Summary

使用黑腹果蝇对年龄相关睡眠障碍进行高通量小分子药物筛选

Published: October 20, 2023
doi:

Summary

提出了一种高通量药物筛选方案,通过监测老年果蝇模型中 果蝇 的睡眠行为来改善睡眠。

Abstract

睡眠是健康和整体幸福的重要组成部分,经常给老年人带来挑战,他们经常经历睡眠障碍,其特征是睡眠持续时间缩短和模式碎片化。这些睡眠中断也与老年人患各种疾病的风险增加有关,包括糖尿病、心血管疾病和心理障碍。不幸的是,现有的睡眠障碍药物与严重的副作用有关,例如认知障碍和成瘾。因此,迫切需要开发新的、更安全、更有效的睡眠障碍药物。然而,目前药物筛选方法的高成本和漫长的实验时间仍然是限制因素。

该协议描述了一种具有成本效益和高通量的筛选方法,该方法利用 黑腹果蝇,与哺乳动物相比,果蝇具有高度保守的睡眠调节机制,使其成为研究老年人睡眠障碍的理想模型。通过给老年苍蝇施用各种小化合物,我们可以评估它们对睡眠障碍的影响。这些苍蝇的睡眠行为使用红外监测设备记录,并使用开源数据包睡眠和昼夜节律分析MATLAB程序2020(SCAMP2020)进行分析。该协议为睡眠调节提供了一种低成本、可重复且高效的筛查方法。果蝇由于其生命周期短、饲养成本低、易于处理,是该方法的绝佳对象。举例来说,其中一种测试药物利血平证明了促进老年苍蝇睡眠时间的能力,突出了该协议的有效性。

Introduction

睡眠是人类生存所必需的基本行为之一,其特征有两种主要状态:快速眼动(REM)睡眠和非快速眼动(NREM)睡眠1。NREM睡眠包括三个阶段:N1(清醒和睡眠之间的过渡)、N2(浅睡眠)和N3(深度睡眠、慢波睡眠),代表从清醒到深度睡眠的进展1。睡眠对身心健康起着至关重要的作用2.然而,衰老会降低成人的总睡眠时间、睡眠效率、慢波睡眠百分比和快速眼动睡眠百分比3.与慢波睡眠相比,老年人倾向于花更多的时间在浅睡眠中,使他们对夜间觉醒更敏感。
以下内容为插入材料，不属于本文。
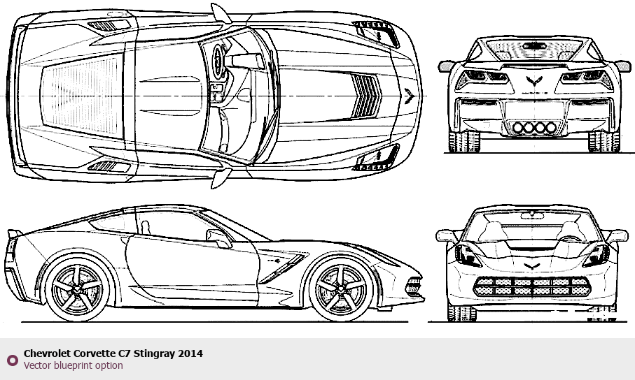 Raster blueprint of the 2014 Chevrolet Corvette C7 Stingray Tag. This free downloadable image can be used for graphic projects, digital design, and 3D modeling. The file provides accurate exterior proportions of the vehicle. Model year: 2014. Body type: Tag.
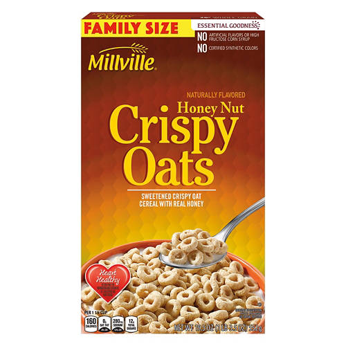 Start your day the right way with these Millville Family Size Honey Nut Crispy Oats! The heart healthy cereal is made with sweet honey and crispy oats and is free of artificial colors, flavors, and high fructose corn syrup. Finish of your bowl with a splash of your favorite milk and fresh berries for a delicious and nutritious breakfast!
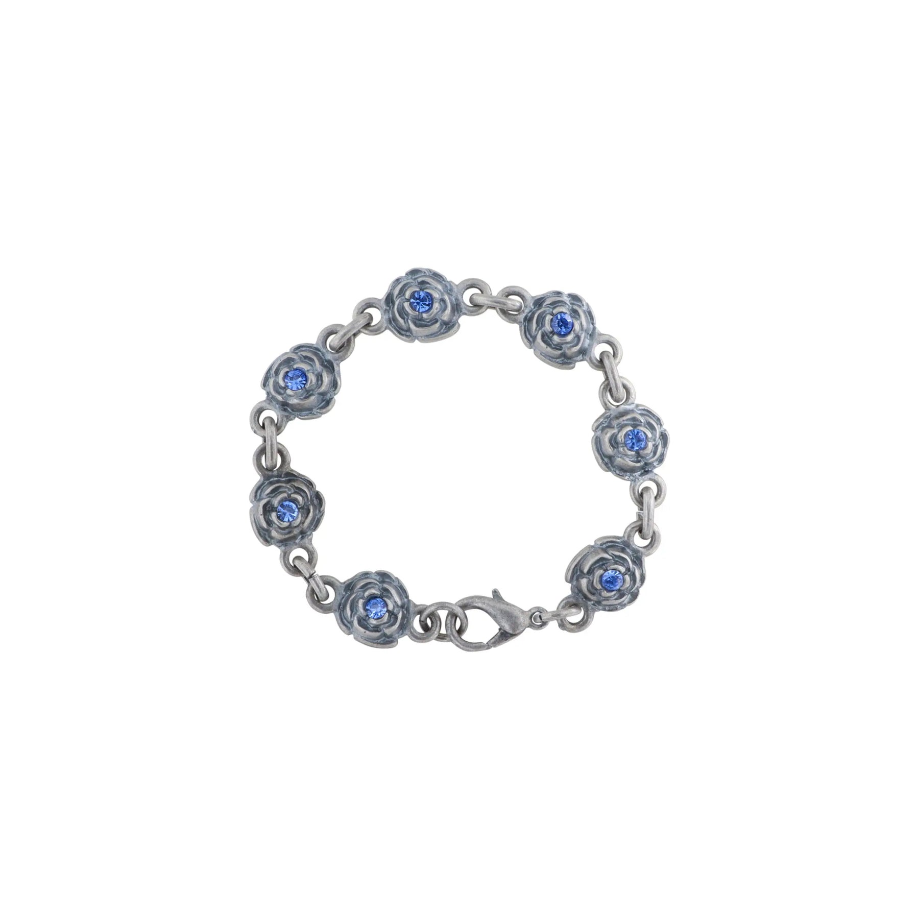 Upplev den sofistikerade charmen hos vårt armband i silverpläterade mässing som vackert förenar blommor rosar med glittrande kristaller. Detta eleganta armband är en riktig skatt i alla smyckekollektioner och är tillgänglig med antingen blå eller tydliga kristaller som ger en touch av färg eller klassisk elegans till ditt utseende. Armbandet är utformat för att vara bekvämt och ögonfallande, och det finns i två storlekar: 17 cm för en tätare passform eller 19,5 cm för lite mer rymlighet.
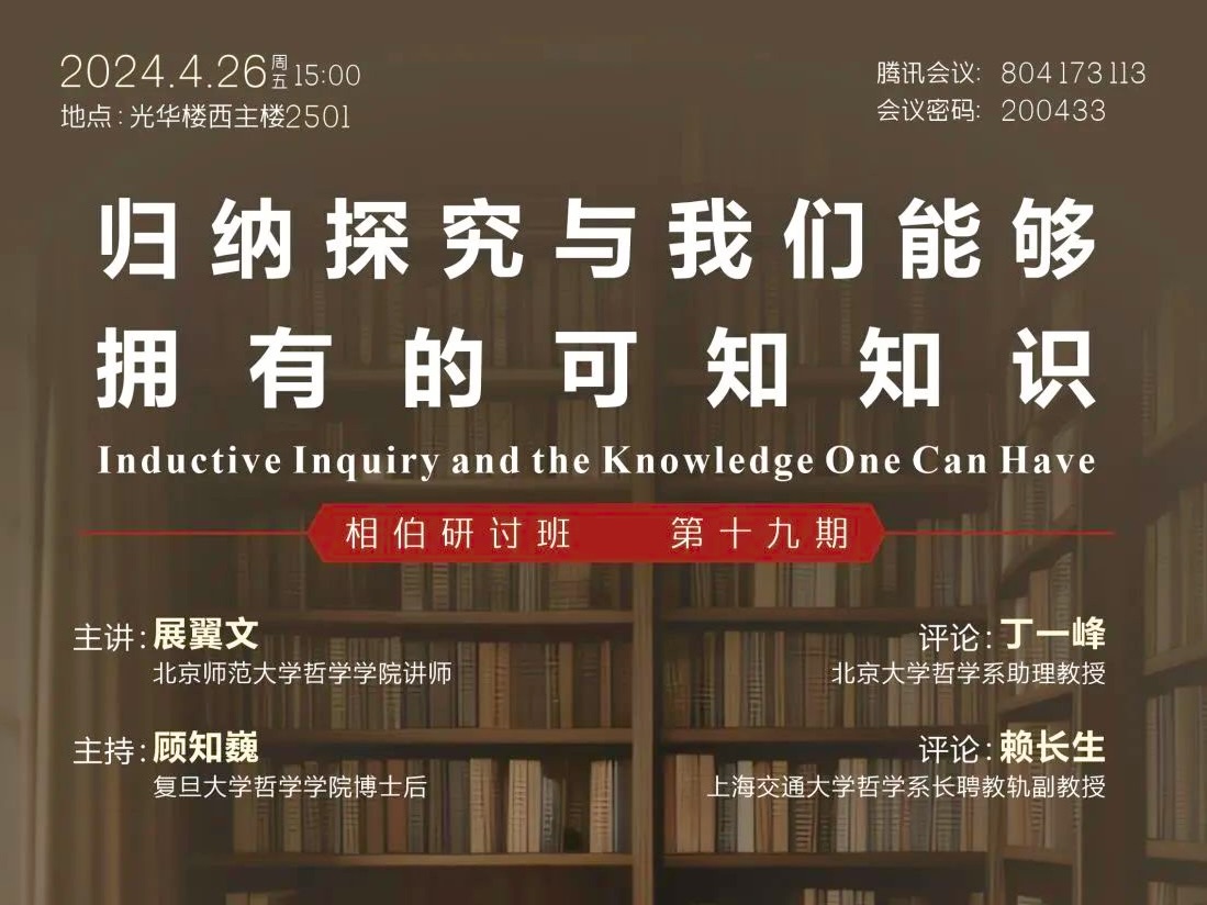【已结束】相伯研讨班第十九期 | 展翼文:归纳探究与我们能够拥...
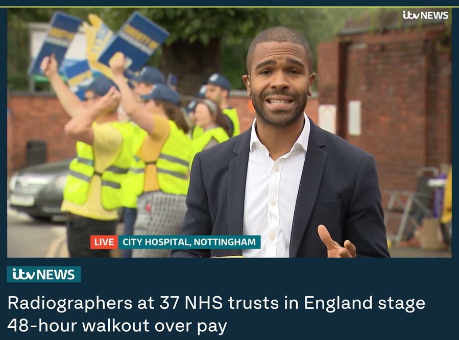 ITVX was broadcasting live from the the picket line at Nottingham's City Hospital as SoR members waved placards in the background. Watch the video here.
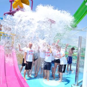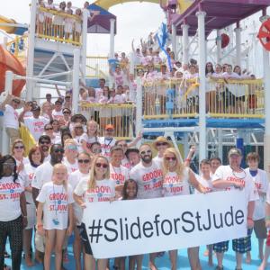 June 24, 2015 /3BL Media/ - To commemorate the five-year anniversary of Carnival Cruise Line's partnership with St. Jude Children's Research Hospital, Carnival launched a "Slide for St. Jude" initiative which raised $50,000 for the hospital. To kick it off, guests and crew were encouraged to slide down one of the shipboard water slides during a special fleetwide event and, for each person who did so, Carnival donated up to $10 to St. Jude Carnival's President Christine Duffy took the first plunge - down the Carnival Breeze's 312-foot-long Twister water slide.
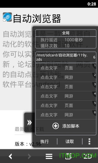 自动浏览器apk是一款革命性的浏览器自动化工具,它能帮助用户实现各种复杂的浏览器操作自动化。通过这款软件,您可以轻松完成网页操作序列的自动化处理,包括但不限于:智能点击各类链接和文字、定时自动刷新网页、论坛自动发帖回帖、网页功能自动化测试等。特别值得一提的是,它还能在手机wap页面游戏中实现智能挂机功能,支持wap炸弹发送和定时消息推送等特色功能。简而言之,任何通过浏览器可以完成的操作,自动浏览器都能帮您实现自动化处理,大幅提升工作效率。
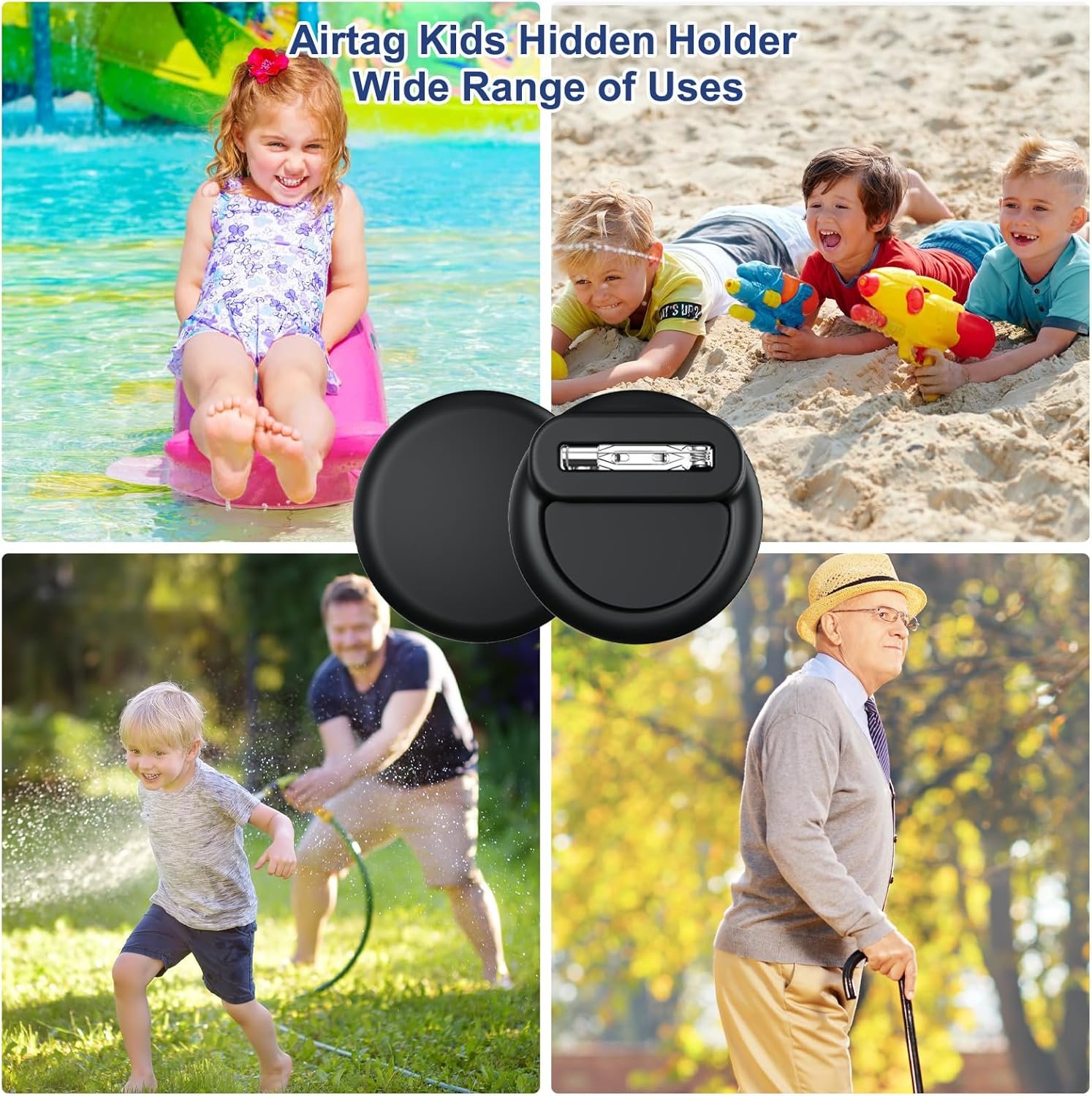 [WHAT YOU WILL GET] 4 Pack Waterproof Air Tags hidden kids holder in a package. (not include AirTag). The joy of free hands and children.The airtag kids hidden case wide range of applications for children, seniors, pets, backpacks, luggage and traveling with kids! If you have any questions, please feel free to contact us, we will provide you with the satisfied answer.
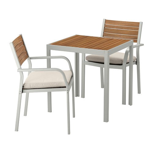 SJALLAND シェランド テーブル+アームレスト付きチェア2脚 屋外用, ライトブラウン, フローソーン/デューヴホルメン ベージュ 692.652.10
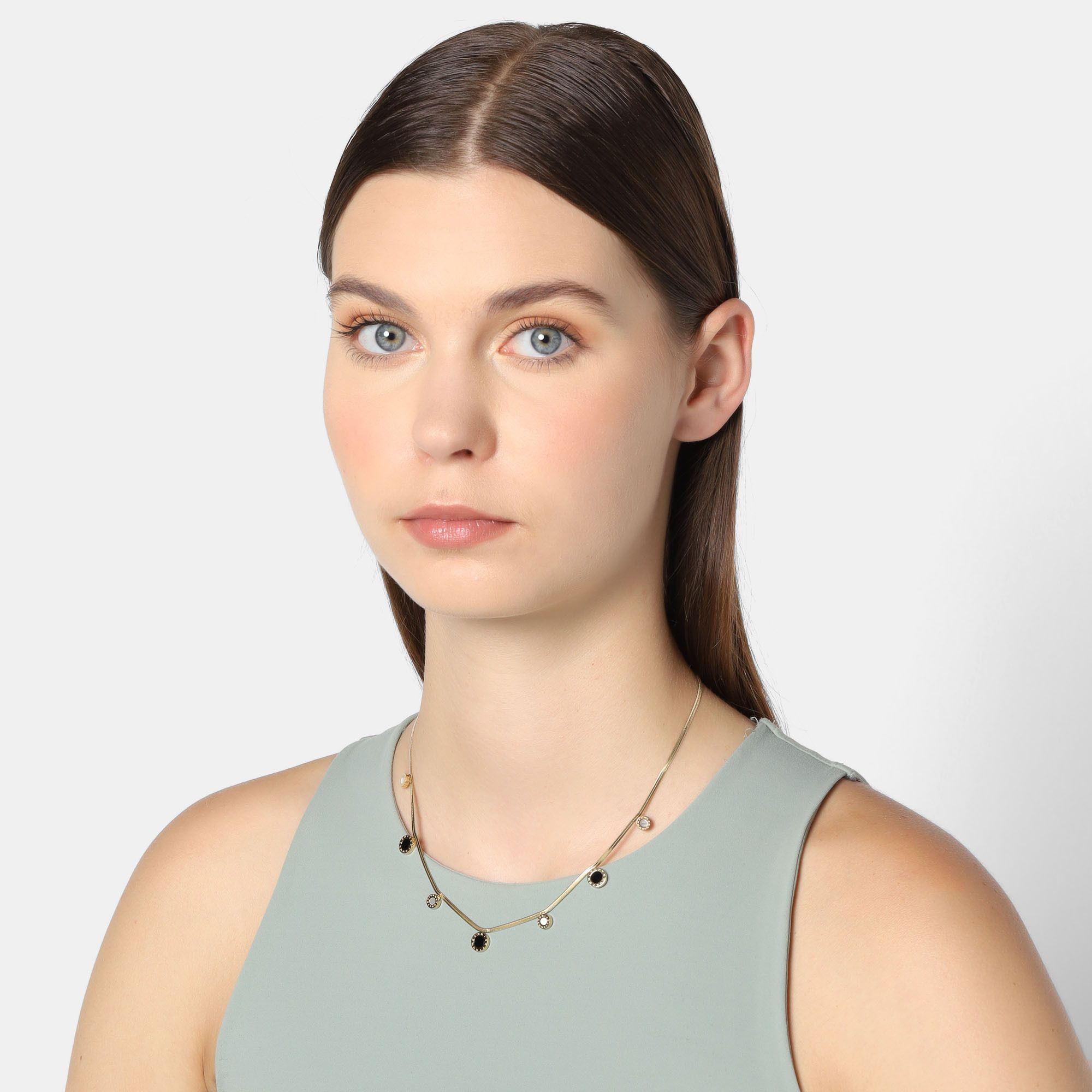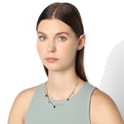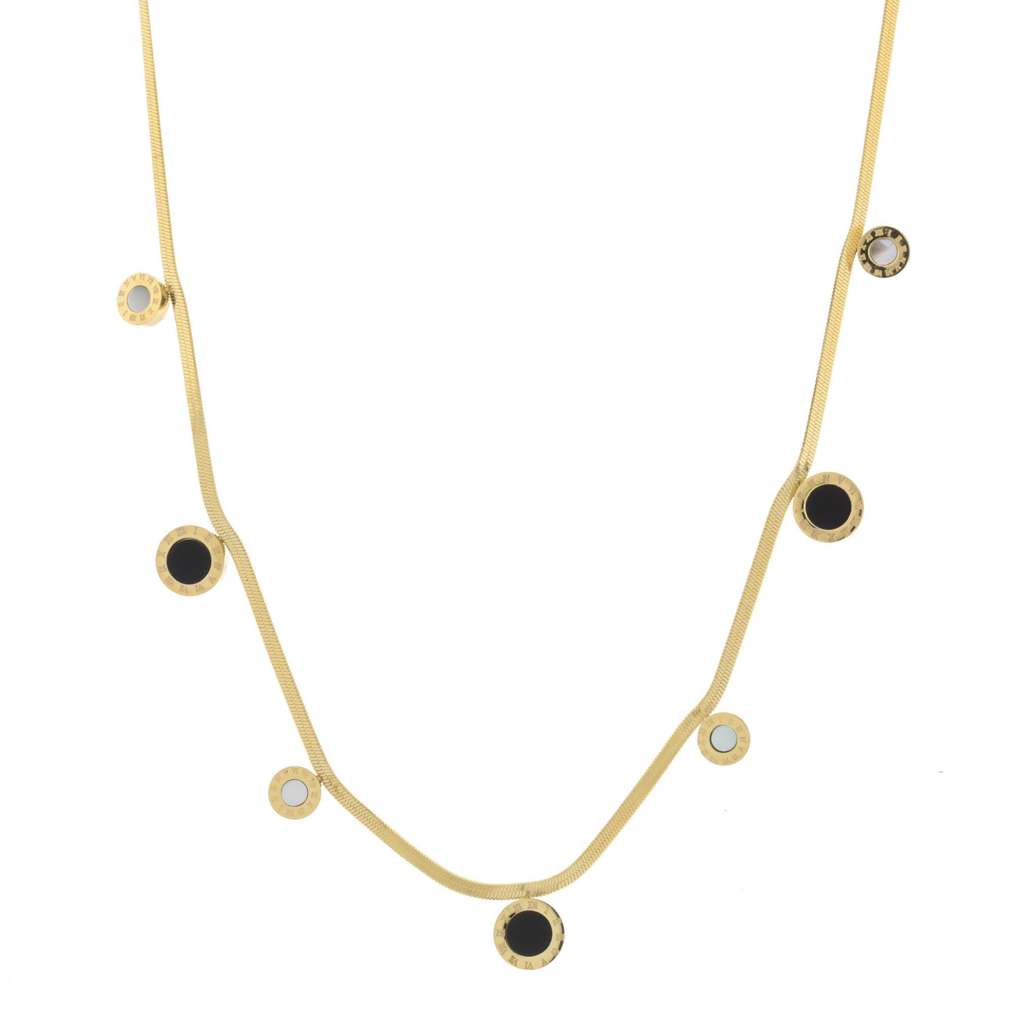 Precioso collar en acero de titanio color amarillo con pequeños círculos esmaltados en color negro y blanco y números romanos grabados.
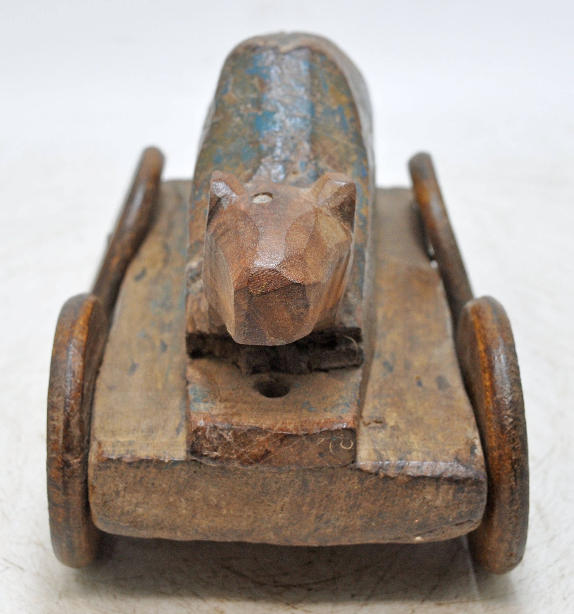 Antique Wooden Cow on Wheels Figurine Original Old Hand Carved

随着觉醒次数的增加,平均睡眠时间减少,导致老年人睡眠模式碎片化,这可能与小鼠 Hcrt 神经元的过度兴奋有关4.此外,与年龄相关的昼夜节律机制下降有助于睡眠持续时间的早期转变 5,6。结合身体疾病、心理压力、环境因素和药物使用,这些因素使老年人更容易患上睡眠障碍,如失眠、快速眼动睡眠行为障碍、发作性睡病、周期性腿部运动、不宁腿综合征和睡眠呼吸障碍 7,8

流行病学研究表明,睡眠障碍与老年人慢性疾病密切相关9,包括抑郁症10,心血管疾病11和痴呆12。解决睡眠障碍在改善和治疗慢性病以及提高老年人的生活质量方面发挥着至关重要的作用。目前,患者主要依靠苯二氮卓类药物、非苯二氮卓类药物和褪黑激素受体激动剂等药物来改善睡眠质量13.然而,苯二氮卓类药物在长期使用后可导致受体下调和依赖性,在停药后引起严重的戒断症状14,15。非苯二氮卓类药物也有风险,包括痴呆16、骨折17 和癌症18。常用的褪黑激素受体激动剂雷美替胺可减少睡眠潜伏期,但不会增加睡眠持续时间,并且由于广泛的首过消除而存在肝功能相关问题19.阿戈美拉汀是一种褪黑激素受体激动剂和血清素受体拮抗剂,可改善与抑郁症相关的失眠,但也存在肝损伤的风险20。因此,迫切需要更安全的药物来治疗或缓解睡眠障碍。然而,目前基于分子和细胞实验的药物筛选策略,结合自动化系统和计算机分析,既昂贵又耗时21。基于结构的药物设计策略,依赖于受体结构和性质,需要对受体三维结构有清晰的认识,缺乏对药物作用的预测能力22

2000 年,根据 Campbell 和 Tobler 在 1984 23 年提出的睡眠标准,研究人员建立了简单的动物模型来研究睡眠 24,包括果蝇黑腹果蝇,它表现出类似睡眠的状态25,26尽管果蝇和人类在解剖学上存在差异,但许多调节果蝇睡眠的神经化学成分和信号通路在哺乳动物睡眠中是保守的,从而促进了人类神经系统疾病的研究27,28果蝇也广泛用于昼夜节律研究,尽管果蝇和哺乳动物之间的核心振荡器存在差异29,30,31。因此,果蝇是研究睡眠行为和进行睡眠相关药物筛选的有价值的模式生物。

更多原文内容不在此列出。